Marbaniang was a member of the All India Catholic Union (AICU). He was a vice-president during the tenure of Chhotebhai Noronha as president of the union (1990–1994), and in 1990 accompanied Chhotebhai in a meeting of minority leaders with prime minister Vishwanath Pratap Singh.
Marbaniang served as President of the AICU from 1994 to 1996, being succeeded by Norbert D'Souza.
In May 1995 Marbaniang promised to take up the question of introducing a Christian Marriage Bill in parliament. The purpose was to eliminate injustices in laws related to divorce and adoption by Christians.

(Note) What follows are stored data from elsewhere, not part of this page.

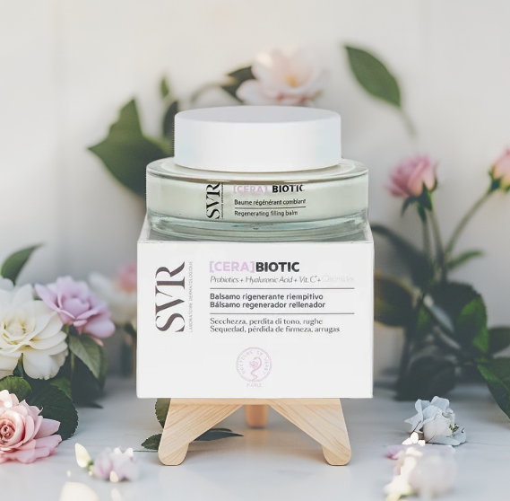 SVR [CERA] Biotic es un bálsamo regenerante de 50 ml que combina probióticos pasteurizados, vitamina C estabilizada, ácido hialurónico y ceramidas. Nutre, y rellena las arrugas. VTO ENE-26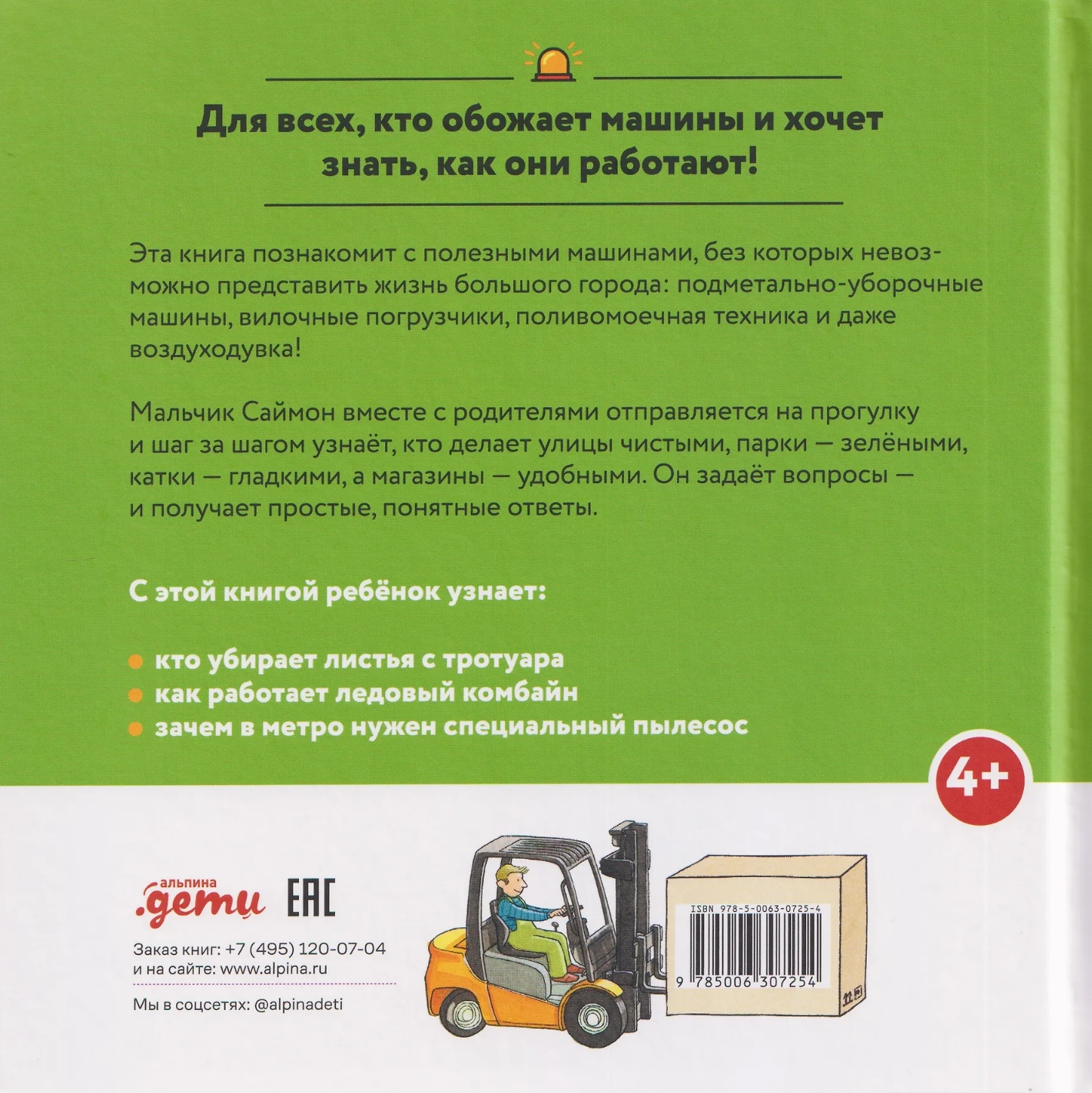 Вместе с Саймоном читатель отправится в путешествие по городу, чтобы узнать, какие машины и люди стоят за его безупречной работой. Мы увидим, как подметально-уборочные машины очищают дороги, как мощные каналопромывочные грузовики справляются с засорами, как вилочные погрузчики перемещают тяжести, а специальные снегоуборочные комбайны делают катки идеальными. Эта история поможет увидеть в обычных городских службах настоящих супергероев, которые ежедневно трудятся, чтобы город был чистым и комфортным..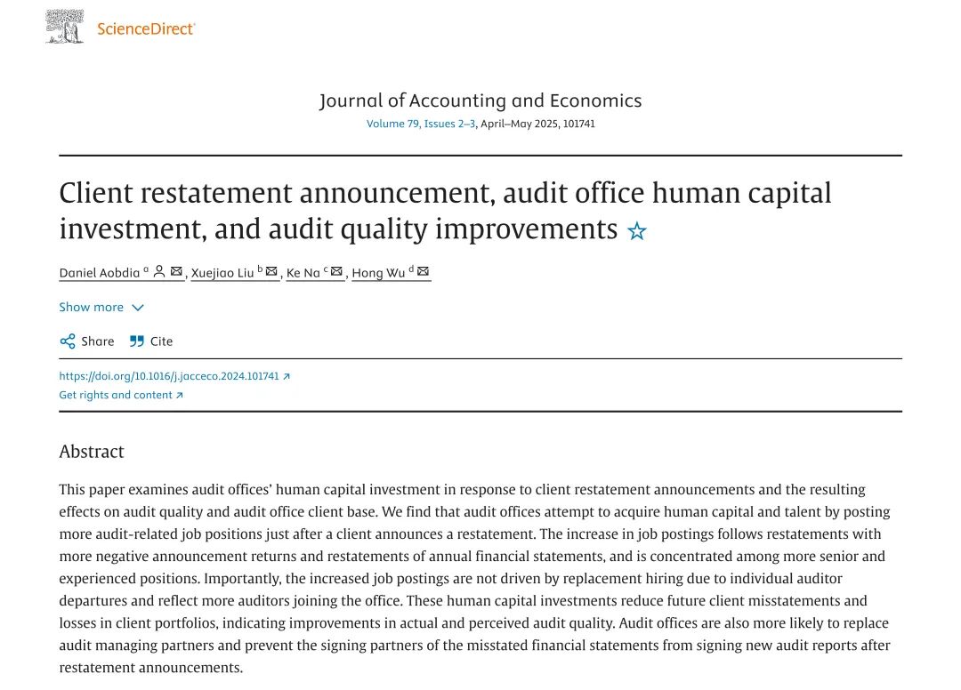 近日,bat365在线登录网站注册赠送36吴弘老师与三位合作者的研究论文“Client restatement announcement, audit office human capital investment, and audit quality improvements...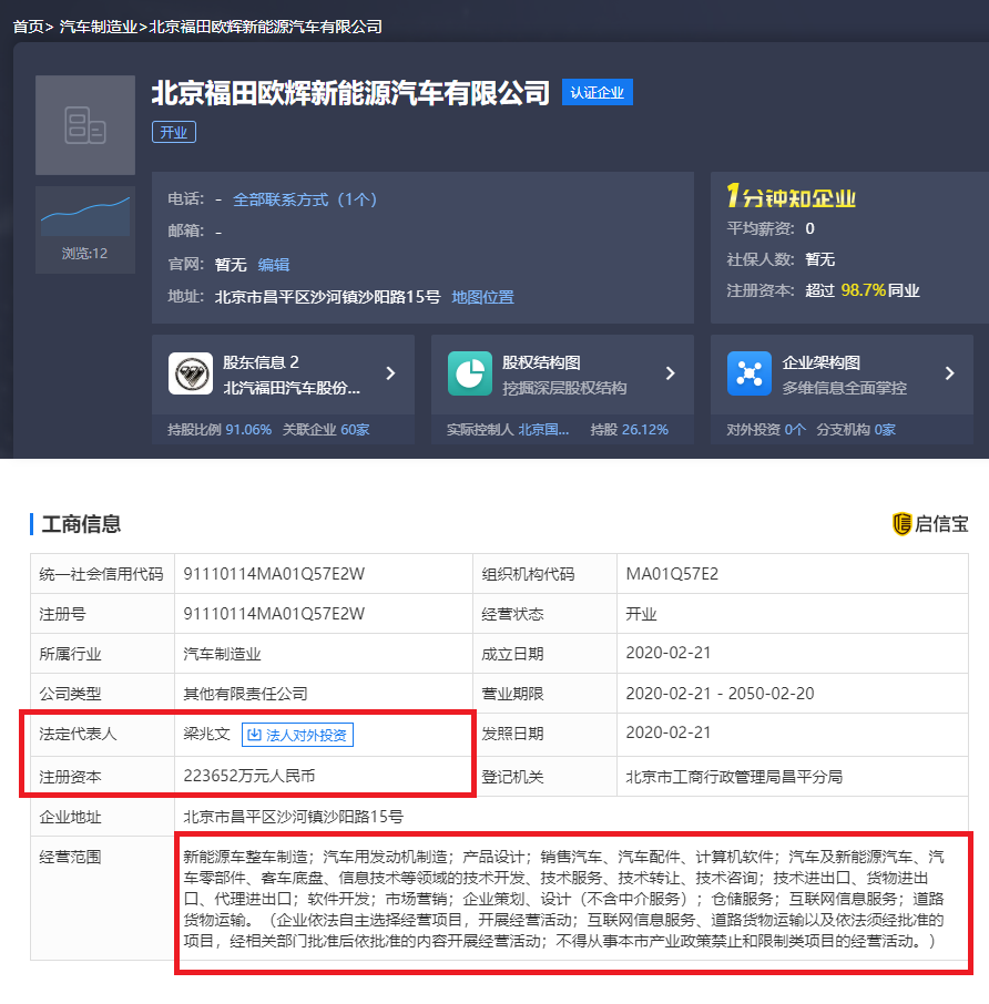 据悉,2月21日,北京福田欧辉新能源汽车有限公司成立,法定代表人为福田汽车集团业务副总裁梁兆文,注册资金为22.3652亿元人民币。公司的主要经营范围为新能源车整车制造;汽车用发动机制造;汽车及新能源汽车、汽车零部件、客车底盘、信息技术等领域的技术开发、技术服务、技术转让等。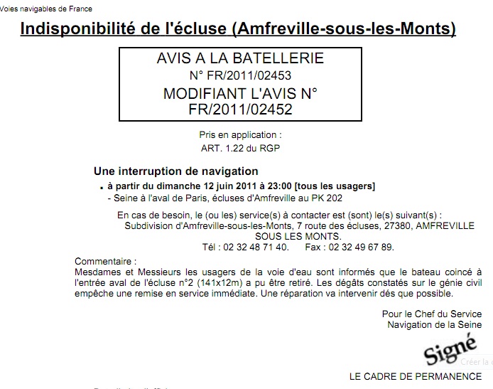 Une interruption de navigation . à partir du dimanche 12 juin 2011 à 15:00 [tous les usagers]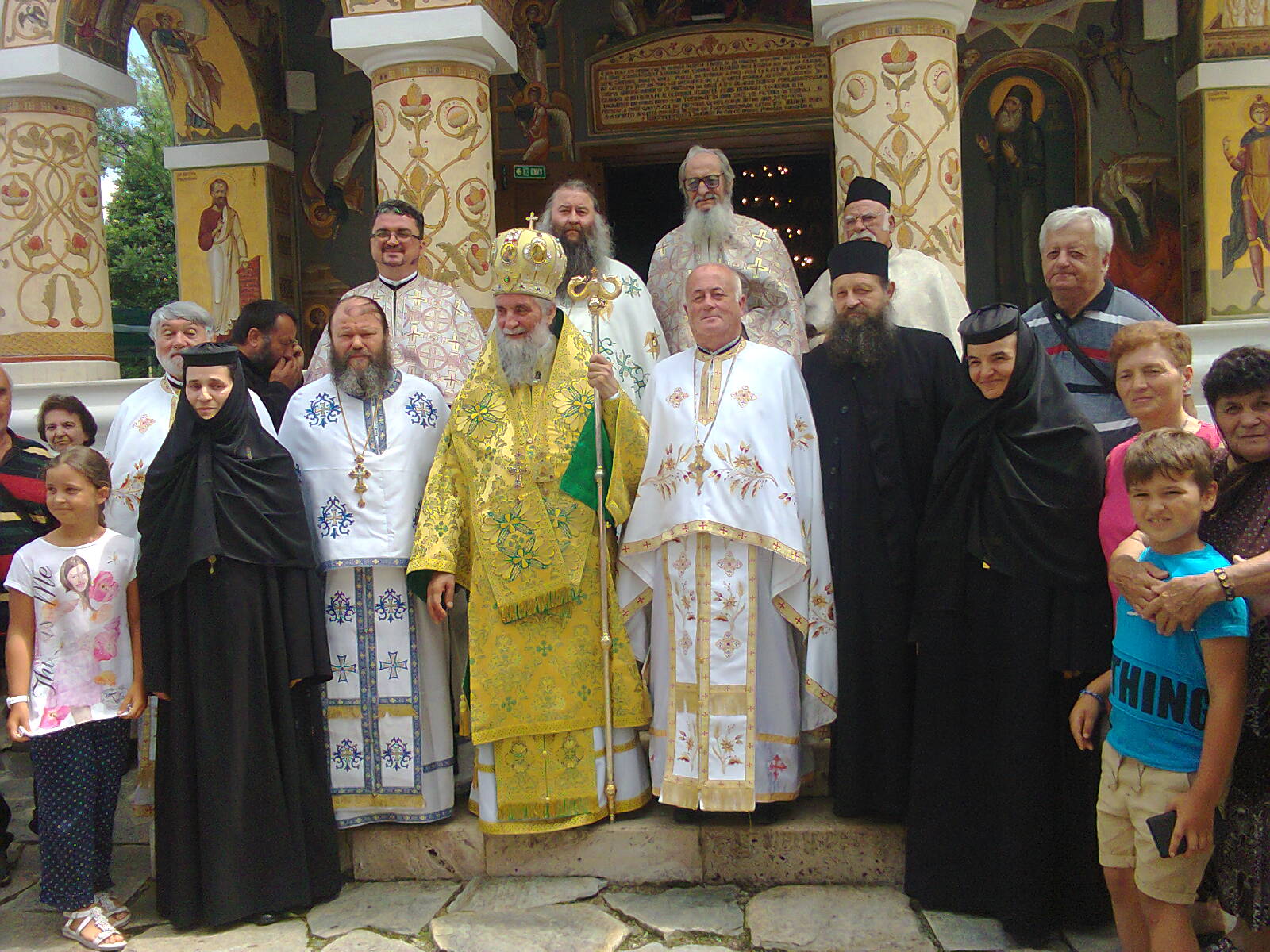 Luni, 24 iunie 2019, de Sărbătoarea Naşterea «Sfântului Ioan Botezătorul», numită în popor «Sânzienele» sau «Drăgaica», la Sfânta Mănăstire «Icoana», din Comuna Crasna, Protopopiatul Târgu- Cărbuneşti, a fost săvârşită Sfânta Liturghie Arhierească de către Înaltpreasfinţitul Părinte dr. Irineu Popa, Arhiepiscopul Craiovei şi Mitropolitul Olteniei, împreună cu un ales sobor de preoţi şi diaconi, din care au făcut parte Preacuviosul Părinte Exarh, Ioachim Pârvulescu, Stareţul Mănăstirii Lainici, Preacucernicul Părinte Protopop al Protopopiatului Târgu-Cărbuneşti, Pr. Iulian Mărgineanu şi Preacucernicul Părinte Protopop, Pr. Ion Popescu, slujitor de altar la Biserica «Icoana» din Bucureşti! Mare păcat, că spre deosebire de anii anteriori, când curtea mănăstirii era plină de câteva sute de oameni, de această dată au fost prezenţi mai puţini credincioşi, chiar dacă a fost o zi considerată pentru unii oameni ca fiind lucrătoare, poate mai mult în cele lumeşti, decât în cele dumnezeieşti! Prin cuvinte de mulţumire adresate lui Dumnezeu, cei doi protoierei, ca şi Preacuviosul Părinte Arhimandrit au subliniat că Sărbătoarea Naşterii Sfântului Ioan Botezătorul are un temei biblic şi unul aparte duhovnicesc, pentru că este consemnată de către Sf. Ev. Luca în Evanghelia Sa, deoarece a marcat un moment petrecut cu şase luni înainte de Naşterea Domnului nostru Iisus Hristos, ca un eveniment ce apare ca fiind atestat documentar în secolele IV-V, când se fixează definitiv şi data Crăciunului, mai ales că sărbătoarea a fost instituită pentru a înlocui sărbătorile păgâne, cu caracter agricol sau naturist, din apropierea solstiţiului de vară (22-23 iunie). Vorbitorii au subliniat frumuseţea deosebită a locului în care a fost aşezată această mănăstire şi credincioşia oamenilor comunei Crasna de sub munte. A fost prezent la sfânta slujbă şi domnul jurist, Ciprian Adrian Florescu, Prefectul Gorjului.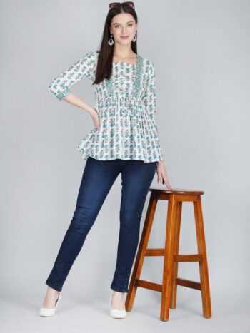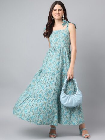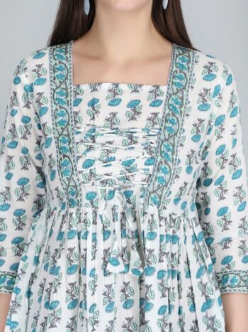 Floral Embroidered Thread Work Empire Puff Sleeves Anarkali Kurta
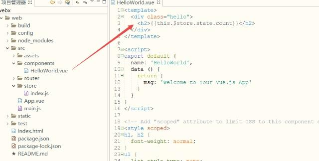 数据我们在页面是获取到了,但是如果我们需要修改count值怎么办?如果需要修改store中的值唯一的方法就是提交mutation来修改,我们现在Hello World.vue文件中添加两个按钮,一个加1,一个减1;这里我们点击按钮调用addFun(执行加的方法)和reductionFun(执行减法的方法),然后在里面直接提交mutations中的方法修改值: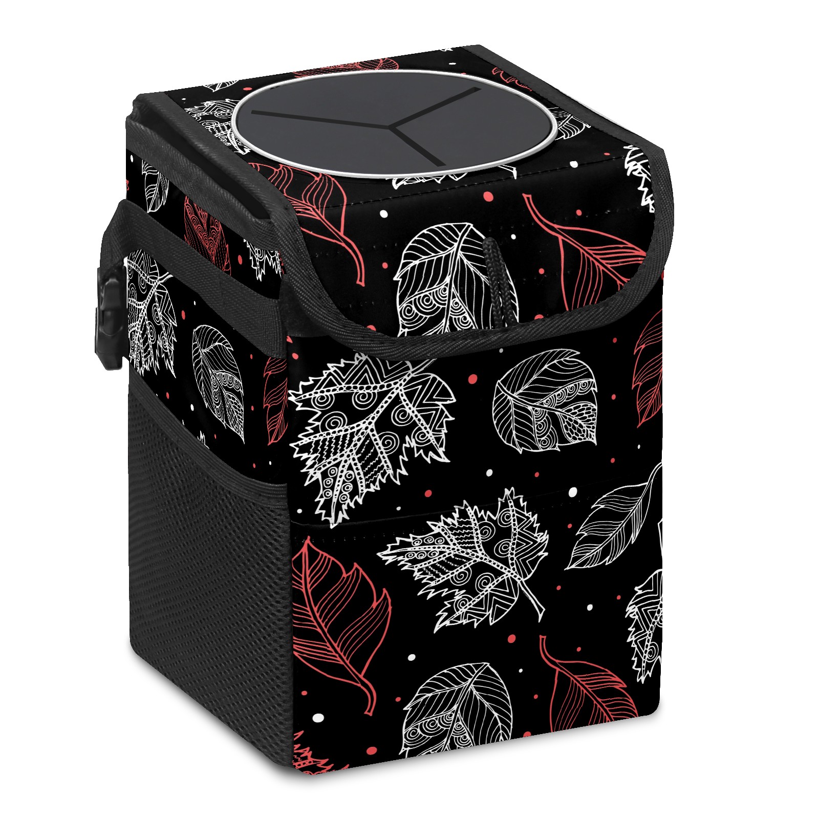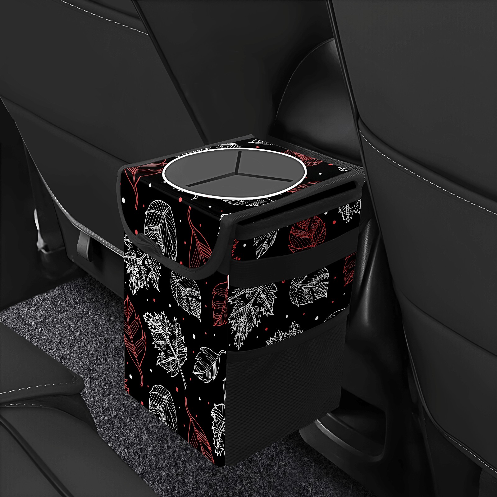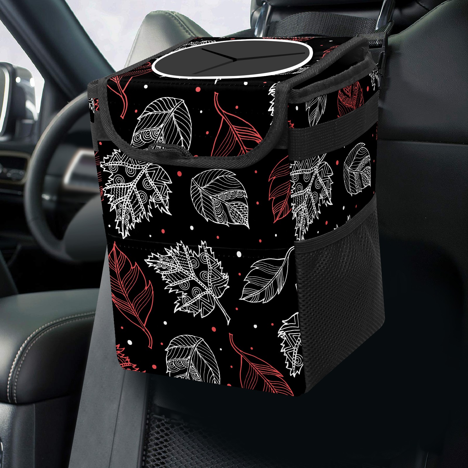 Car Garbage Can — Multi-functional, Lightweight Portable, Reusable Vehicle Trash Can, Waterproof with Sufficient Storage Capacity Autumn Pink White Leaves Dot Black Background

In March 1996 the government failed to pass a bill that would extend special statutory benefits to Christians of Dalit origin. Marbaniang had met the prime minister at least ten times and asked repeatedly for the introduction of the Dalit bill. It was withdrawn on a procedural technicality.
Marbaniang said the Congress party would have to pay "a heavy price for ignoring the four-decade-old Christian demand" in upcoming general elections.
Marbaniang left the party, giving the "dictatorial attitude" of its leadership as his reason.

== Education ==

Peter G Marbaniang was educated at Guwahati University, where he received his M.A and LL.B.

== Interests ==
Marbaniang served as President of the Meghalaya Table Tennis Association and Meghalaya Volleyball Association.

==Legacy==

Peter G. Marbaniang died in Shillong on 29 September 1997 at the age of 58.
He was a member of the Meghalaya Legislative Assembly and Minister of Social Welfare in the State Government at the time of his death.
His wife, Q.E. Lyngdoh, died on 20 January 2010 at the age of 71, leaving behind nine children and 19 grandchildren.
His son, Robert G. Lyngdoh, was twice elected to the Meghalaya Legislative Assembly and served as Home Minister in the State Government .
His daughter, Ampareen Lyngdoh, is a member of the Meghalaya Legislative Assembly who was a Cabinet Minister in the Government of Meghalaya.